Items from a dataset:
____________________

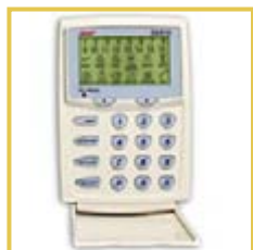
KEYPAD OPERATION Standard

A new range of X Series slide-in accessory boards includes a four Relay Board, a Reader Interface and the new X Series Output Expander for both the D8x and D16x panels.
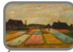
Vincent van Gogh (1883) Bulb Fields
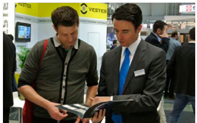
We will be happy to send you product literature on our measuring machines upon request. Contact us at: info@Klingelberg.com .
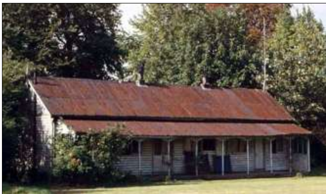
The Bedford Croquet Club pavilion
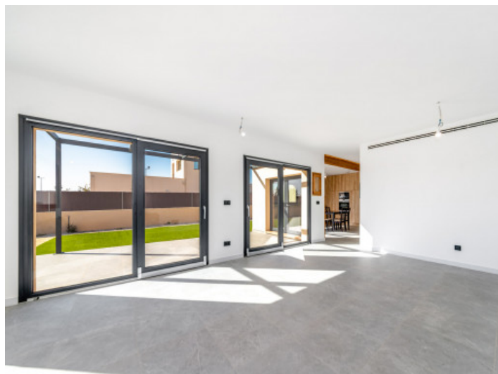
Direct terrace access from the living area
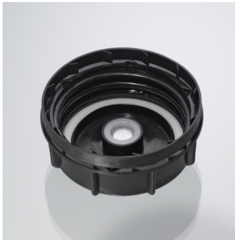
Screw cap KV51 neutral with venting
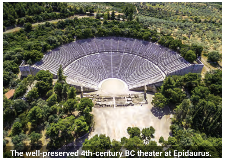
The well-preserved 4th-century BC theater at Epidaurus.

Walk to the airport's departures terminal across the street from the hotel for flights homeward. (B)
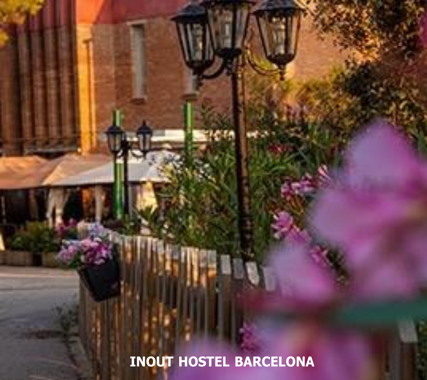
INOUT HOSTEL BARCELONA
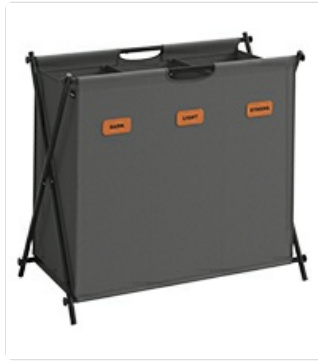
Image: Illustrates the water-resistant nature of the bag material.

The PVC-coated 600D Oxford fabric bags are water-resistant and designed for easy cleaning. For general cleaning, wipe the interior and exterior surfaces with a damp cloth and mild detergent. Allow to air dry completely before re-attaching to the frame.
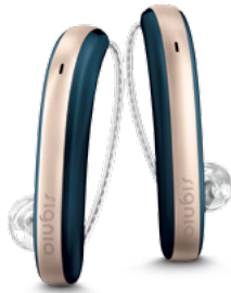
COSMIC BLUE / ROSE GOLD
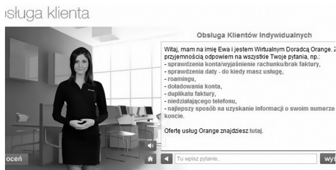
Figure 4. Virtual Orange Advisor – Ewa

An example of chatbot application in marketing communication is the Orange company. It has put in motion the Virtual Advisor Ewa on its own www page (Figure 4). Besides the extensive base of issues connected with customer service, this chatbot is able to answer a number of other questions 7 .
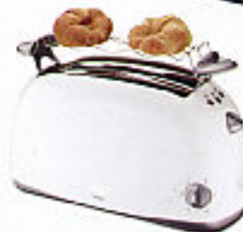
Breville white toaster, £19.99, Argos
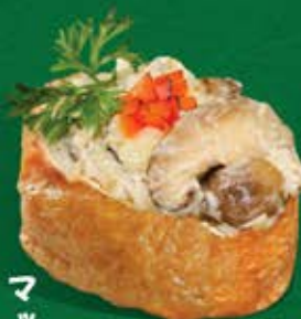
マッシュルーム CREAMY MUSHROOM creamy shiitake and sushi rice wrapped in tofu skin
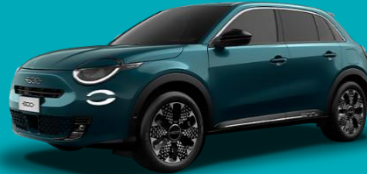
Green - Sea

____________________

**What to produce**:
Copy the records exactly, minus any pictures.

**Task solution**:
KEYPAD OPERATION Standard

A new range of X Series slide-in accessory boards includes a four Relay Board, a Reader Interface and the new X Series Output Expander for both the D8x and D16x panels.
Vincent van Gogh (1883) Bulb Fields
We will be happy to send you product literature on our measuring machines upon request. Contact us at: info@Klingelberg.com .
The Bedford Croquet Club pavilion
Direct terrace access from the living area
Screw cap KV51 neutral with venting
The well-preserved 4th-century BC theater at Epidaurus.

Walk to the airport's departures terminal across the street from the hotel for flights homeward. (B)
INOUT HOSTEL BARCELONA
Image: Illustrates the water-resistant nature of the bag material.

The PVC-coated 600D Oxford fabric bags are water-resistant and designed for easy cleaning. For general cleaning, wipe the interior and exterior surfaces with a damp cloth and mild detergent. Allow to air dry completely before re-attaching to the frame.
COSMIC BLUE / ROSE GOLD
Figure 4. Virtual Orange Advisor – Ewa

An example of chatbot application in marketing communication is the Orange company. It has put in motion the Virtual Advisor Ewa on its own www page (Figure 4). Besides the extensive base of issues connected with customer service, this chatbot is able to answer a number of other questions 7 .
Breville white toaster, £19.99, Argos
マッシュルーム CREAMY MUSHROOM creamy shiitake and sushi rice wrapped in tofu skin
Green - Sea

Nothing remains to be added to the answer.